Мысли бессвязно скакали, носились, метались. Алексей Архипович вспомнил почему‑то свою поездку во Францию. Там сотрудники посольства однажды ему сообщили, что жена Антуана де Сент–Экзюпери желает встретиться с ним. Строптивая и экстравагантная Консуэло, всегда бежавшая от летчиков, просит аудиенции у летчика.

 — В любой день и час.

Невысокая, аккуратная женщина, современно одетая, со следами былой красоты, с хорошими манерами и плохим характером, говорит:

 — Я просила этой встречи, месье Леонов, чтобы сказать, что вы напомнили мне Антуана.

 — Спасибо. Я необычайно счастлив, что вижу спутницу великого Экзюпери.

 — Вы знаете Антуана, читали его, да? Он правда неплохо писал?

 — В нашей стране любят Экзюпери, его книги изданы огромным тиражом. «Маленький принц» идет в театрах многих городов…

 — Антуан сделал много ошибок. Однажды он плохо написал о вашей стране, гостем которой был в 1935 году. Он потом очень переживал. Если бы он знал, что русские станут первыми в космосе… Потом он написал и такие строчки:

«Постепенно я начинаю понимать, как я был наивен, когда верил всяким россказням… Я не стану больше удивляться внешним проявлениям жизни… По собственным ошибкам я вижу, как настойчиво стараются у нас исказить русский опыт. Нет, эту страну надо искать в чем‑то другом. Лишь через это другое можно понять, как глубоко ее почва взрыхлена революцией…»

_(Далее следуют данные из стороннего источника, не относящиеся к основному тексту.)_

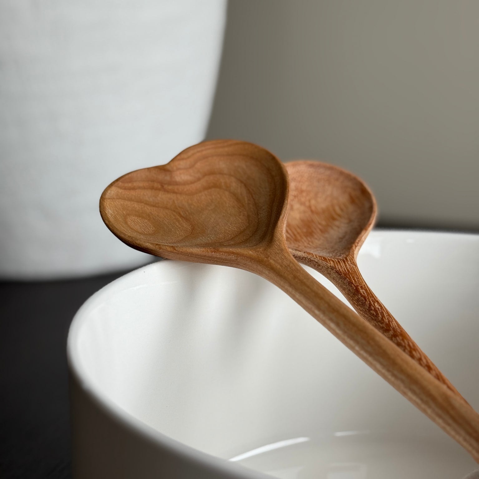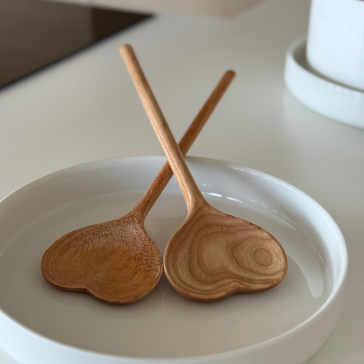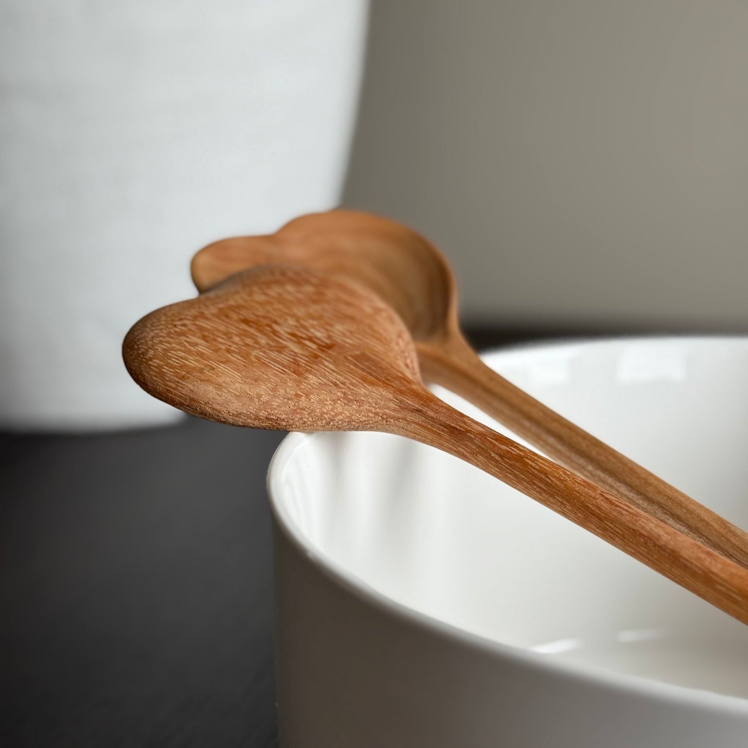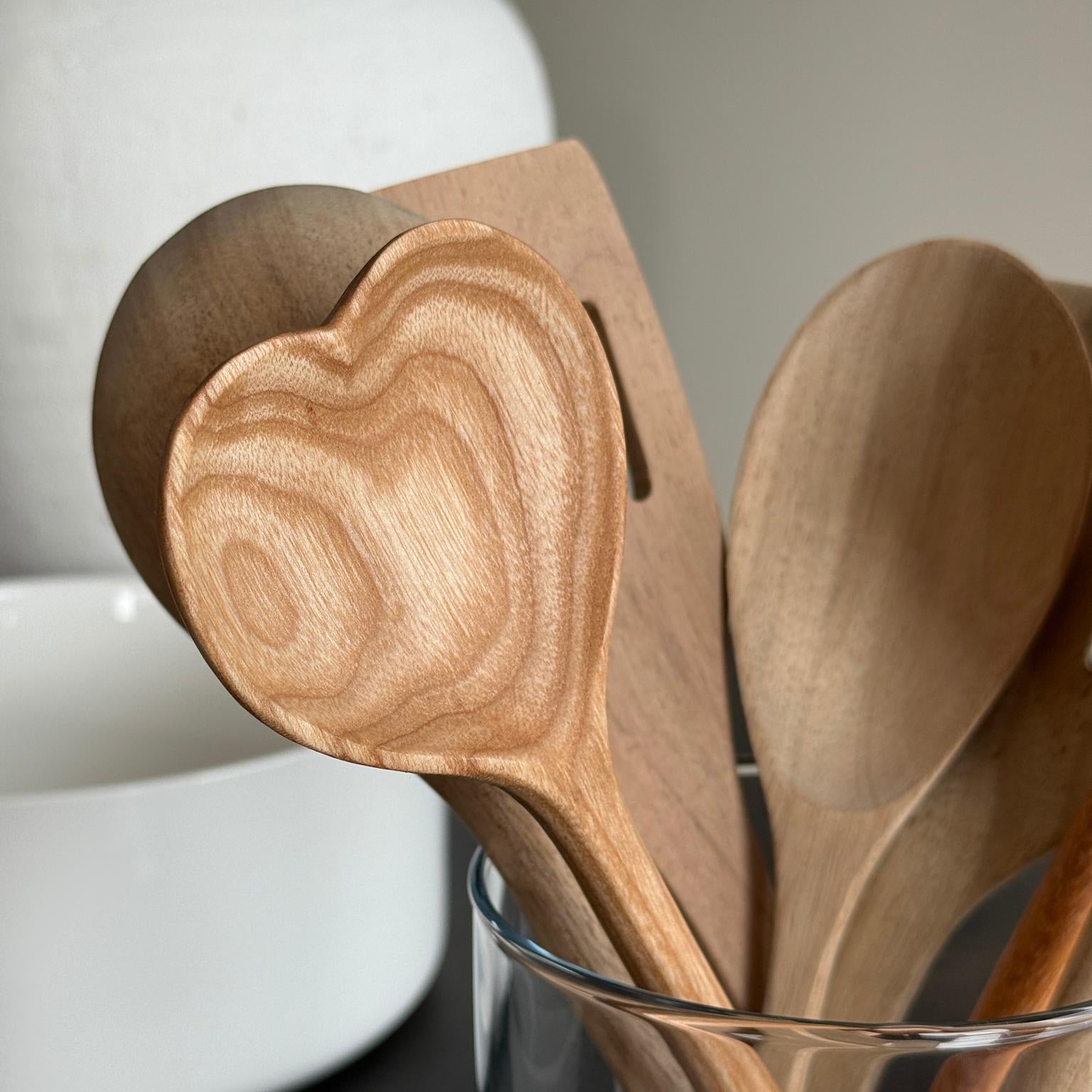 Serveringskje i akasietre. Hjertefasongen gjør den ekstra hyggelig.

 — «Это очень печально — когда забывают друзей», — процитировал Леонов.

Консуэло встрепенулась, словно увидела хорошо знакомого человека.

 — Вы помните «Маленького принца»? Да, да, вы художник, я забыла. — Глаза Консуэло повлажнели, но, вспомнив о присутствующих здесь респектабельных мужчинах, она мило и отвлеченно улыбнулась своим мыслям. — Это хорошо, когда художники приходят в авиацию.

 — Меня авиация сделала художником, — стеснительно заметил Леонов. — Она и стала темой моего творчества.

 — Скажите, для чего вы пишете? Я не обижаю вас этим вопросом? Я не спрашиваю о суммах ваших гонораров.

 — Почему я пишу? Мне пишется. Я ищу способ самовыражения. Карандаш, кисть помогают мне познать человека, в том числе и себя, раскрыть духовный мир моих современников, проникнуть в мысли, чувства, сделать человека лучше…

 — Что же побудило вас стать художником?

 — Моя профессия!..

В декабре 1969 года тяжело заболел Павел Иванович Беляев, командир «Восхода-2». Все свободное время Алексей Архипович посвящает семье друга, командир а. бывает у него в больнице. Врачи предлагают делать операцию. Беляев соглашается. Он весел, разговорчив, просит не беспокоиться о его здоровье, скоро он покинет больницу.

Но самочувствие Павла Ивановича все ухудшалось.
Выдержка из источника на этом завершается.